Открылась передняя дверца, и молодая, судя по легкости, с которой она перепрыгнула лужу, женщина вбежала на крыльцо и скрылась в магазине.
Людмила обогнула машину, дверца которой так и осталась открытой. В салоне было темно, но по запаху сигаретного дымка она догадалась, что водитель остался в машине. И даже остановилась от пришедшей в голову внезапной и шальной мысли: как здорово было бы, если бы судьба расщедрилась на сюрприз и в машине оказался бы не кто иной, как подполковник Барсуков собственной персоной… И тут же с досадой тряхнула головой… Какой еще Барсуков, да еще в дорогой иномарке, на которую ему за всю свою жизнь не заработать, разве только взятки стал бы брать или наследство получил богатое!..
Она усмехнулась, потому что версии были самые что ни на есть аховые и не подлежали никакой критике, и поднялась по усыпанным облетевшими листьями ступенькам в магазин.
В помещении было тепло и малолюдно, только одинокая покупательница у прилавка с сигаретами да продавщица Лиза, которая при виде Людмилы расплылась в радостной улыбке:
– Людмила Алексеевна, здравствуйте! Вы что, совсем вернулись?
Людмила не успела ответить, потому что стоящая к ней спиной молодая женщина в длинном светлом пальто с капюшоном мгновенно обернулась и тоже вскрикнула от удивления:
– Людмила Алексеевна! Вы?
Блок сигарет, который она собиралась положить в сумку, выпал из рук, но она даже не заметила этого, потому что бросилась Людмиле на шею и расплакалась.
– Господи!

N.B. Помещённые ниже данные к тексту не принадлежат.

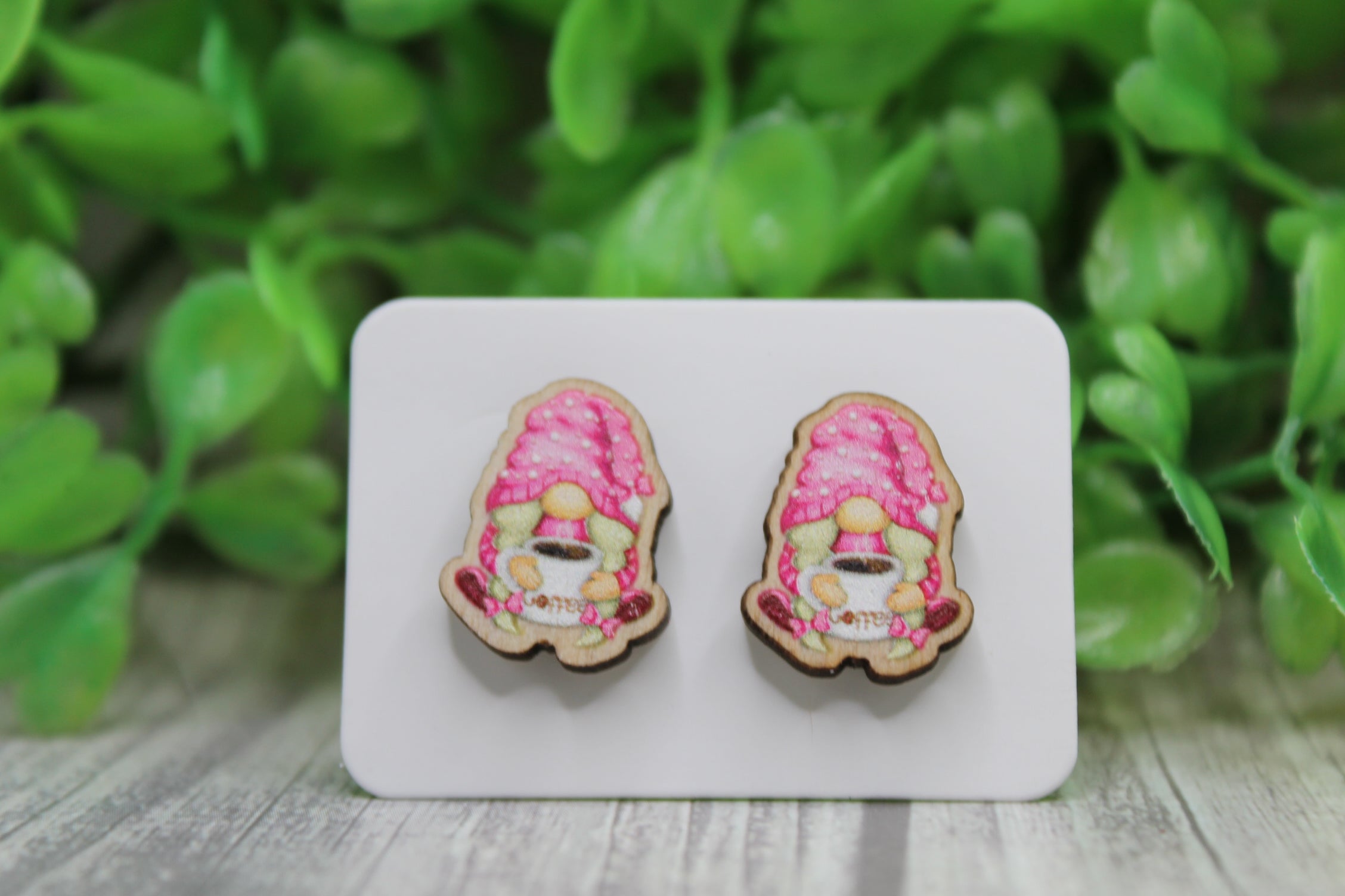 Pink Coffee Gnome Wood Stud Earrings
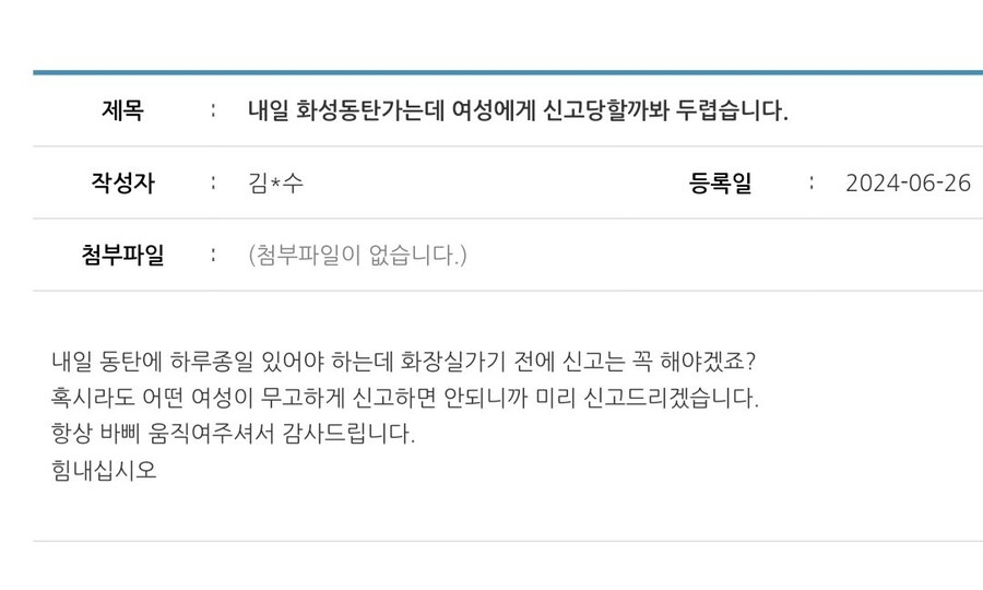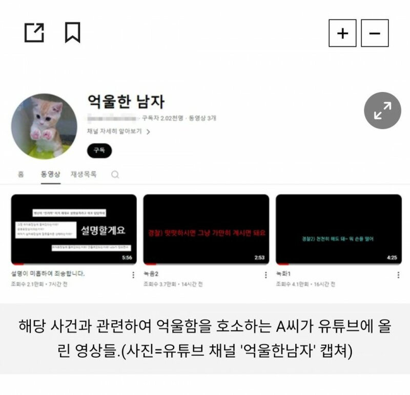 A씨는 경기도 동탄에 있는 한 아파트 헬스장에서 운동 중에 남자 화장실을 이용하였다. 다음날 경찰이 찾아와서 A씨에게 "여자화장실에 있는데 어떤 남자가 들어와 자기 용변 보는걸 엿보고 갔다는 신고가 접수되었다. CCTV 확인 결과 A씨의 인상착의가 확인됐다"고 말했고 A씨는 "CCTV에 나온 게 정말 내가 맞느냐"고 물었고 "여자화장실에 들어간 적이 없다"고 말했다. CCTV를 확인하자고 했으나 경찰은 나중에 연락하겠다고 하며 기다리라고 하였으며. 떳떳하면 그냥 가만히 계시면 된다고 말하며 A에게 강압적인 태도로 몰아갔다. A씨는 경찰과의 대화를 녹음해 두었다가 유튜브에 올리면서 억울함을 호소했다

Света! – Людмила отставила в сторону чемодан, за ним последовала сумка, и она обняла девушку одной рукой за плечи, а другой достала из кармана носовой платок и принялась вытирать ее лицо, по которому, оставляя черные от размытой туши дорожки, ручьем бежали слезы. – Ну что ты, девочка? Успокойся! – уговаривала она ее полушепотом, но Света от этих уговоров только еще сильнее заходилась в плаче, пока Людмила не отстранила ее решительно и не приказала: – Сейчас же перестань реветь! Смотри, весь плащ мне промочила! – И упрекнула: —Мы с тобой почти год не виделись, тебе что, рассказать мне нечего?
– Людмила Алексеевна! – Продолжая хлюпать носом, Светлана настороженно оглянулась на Елизавету, явно навострившую уши в их сторону, и произнесла вполголоса: – Простите, что разревелась! Я ведь от неожиданности! Мне сказали, что вы навсегда из Вознесенского уехали. В Красноярск… Это правда, что навсегда?
– Честно сказать, я еще сама не решила, временно или насовсем. Это от многих обстоятельств зависит… – Людмила угрожающе посмотрела на Елизавету и примкнувшего к ней охранника, и те спешно ретировались – охранник в подсобку, а Елизавета в дальний конец магазина, где принялась наводить порядок на полках. Правда, то и дело с любопытством оглядывалась, но по крайней мере теперь не могла разобрать, о чем шепчутся две женщины, о которых по Вознесенскому гуляло в последнее время так много слухов и домыслов…
– А я мамку приезжала хоронить, – всхлипнула Светлана. – Она какой-то дури неделю назад напилась, вот почки и отказали… – Она промокнула глаза носовым платком, еще больше размазав тушь по щекам, виновато улыбнулась. – А я ведь насовсем из Вознесенского уехала… Сейчас вот в институте бизнеса учусь…
– В институте бизнеса? – удивилась Людмила. – Но ведь там, говорят, большие деньги надо платить за обучение?
– А я замуж вышла, – пояснила Светлана. – Мне муж учебу оплачивает. И устроить потом обещал в какую-нибудь престижную фирму.
– Прекрасно. – Людмила улыбнулась. – В таком случае поздравляю, только одного не пойму, тебе ведь нет еще восемнадцати?..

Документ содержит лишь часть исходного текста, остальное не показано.